(SUPPLIED MATERIAL Opens)

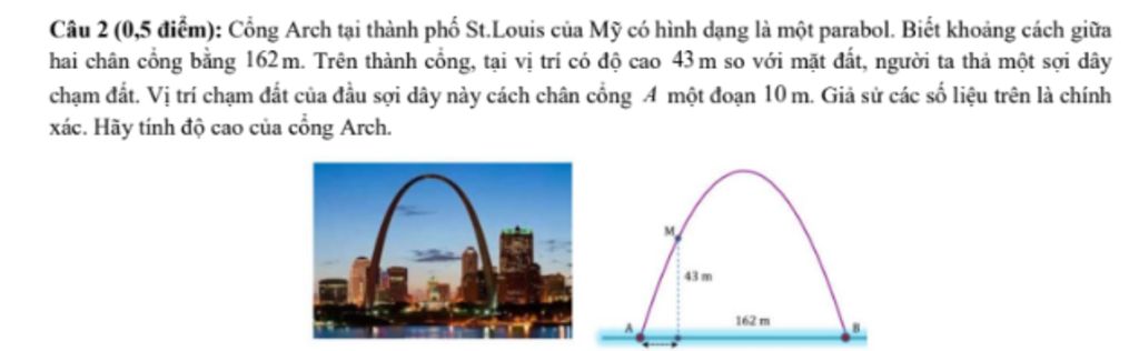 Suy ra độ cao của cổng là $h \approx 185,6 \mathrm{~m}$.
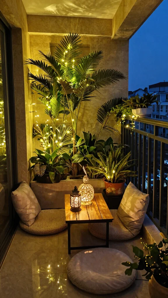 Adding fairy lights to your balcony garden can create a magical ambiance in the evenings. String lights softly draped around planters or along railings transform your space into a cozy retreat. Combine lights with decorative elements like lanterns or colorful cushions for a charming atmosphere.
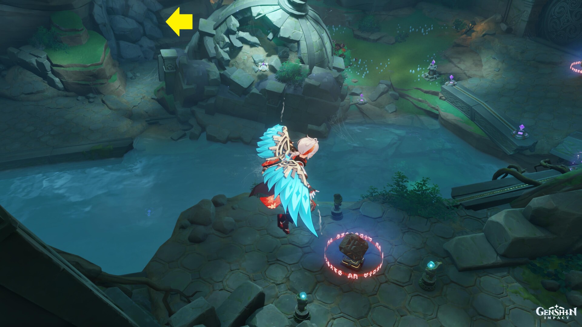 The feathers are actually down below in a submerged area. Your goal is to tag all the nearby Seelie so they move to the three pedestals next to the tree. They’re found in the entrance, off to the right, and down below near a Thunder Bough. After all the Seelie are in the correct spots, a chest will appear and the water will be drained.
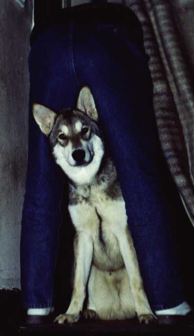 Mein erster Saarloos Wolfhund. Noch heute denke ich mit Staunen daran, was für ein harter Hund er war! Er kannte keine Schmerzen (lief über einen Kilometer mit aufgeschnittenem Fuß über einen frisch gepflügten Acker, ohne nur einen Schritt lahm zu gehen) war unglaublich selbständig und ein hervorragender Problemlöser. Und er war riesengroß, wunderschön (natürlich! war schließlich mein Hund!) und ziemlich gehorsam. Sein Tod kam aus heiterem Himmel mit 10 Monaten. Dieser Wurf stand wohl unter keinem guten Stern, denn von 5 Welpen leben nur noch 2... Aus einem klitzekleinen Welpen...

(SUPPLIED MATERIAL Closes)

== TASK DETAILS ==
Return only what lies between the line containing "Adding fairy lights" and the last line of the listing, those two lines included, exactly as written and with no pictures.

== RESULT FOR THIS EXERCISE ==
 Adding fairy lights to your balcony garden can create a magical ambiance in the evenings. String lights softly draped around planters or along railings transform your space into a cozy retreat. Combine lights with decorative elements like lanterns or colorful cushions for a charming atmosphere.
 The feathers are actually down below in a submerged area. Your goal is to tag all the nearby Seelie so they move to the three pedestals next to the tree. They’re found in the entrance, off to the right, and down below near a Thunder Bough. After all the Seelie are in the correct spots, a chest will appear and the water will be drained.
 Mein erster Saarloos Wolfhund. Noch heute denke ich mit Staunen daran, was für ein harter Hund er war! Er kannte keine Schmerzen (lief über einen Kilometer mit aufgeschnittenem Fuß über einen frisch gepflügten Acker, ohne nur einen Schritt lahm zu gehen) war unglaublich selbständig und ein hervorragender Problemlöser. Und er war riesengroß, wunderschön (natürlich! war schließlich mein Hund!) und ziemlich gehorsam. Sein Tod kam aus heiterem Himmel mit 10 Monaten. Dieser Wurf stand wohl unter keinem guten Stern, denn von 5 Welpen leben nur noch 2... Aus einem klitzekleinen Welpen...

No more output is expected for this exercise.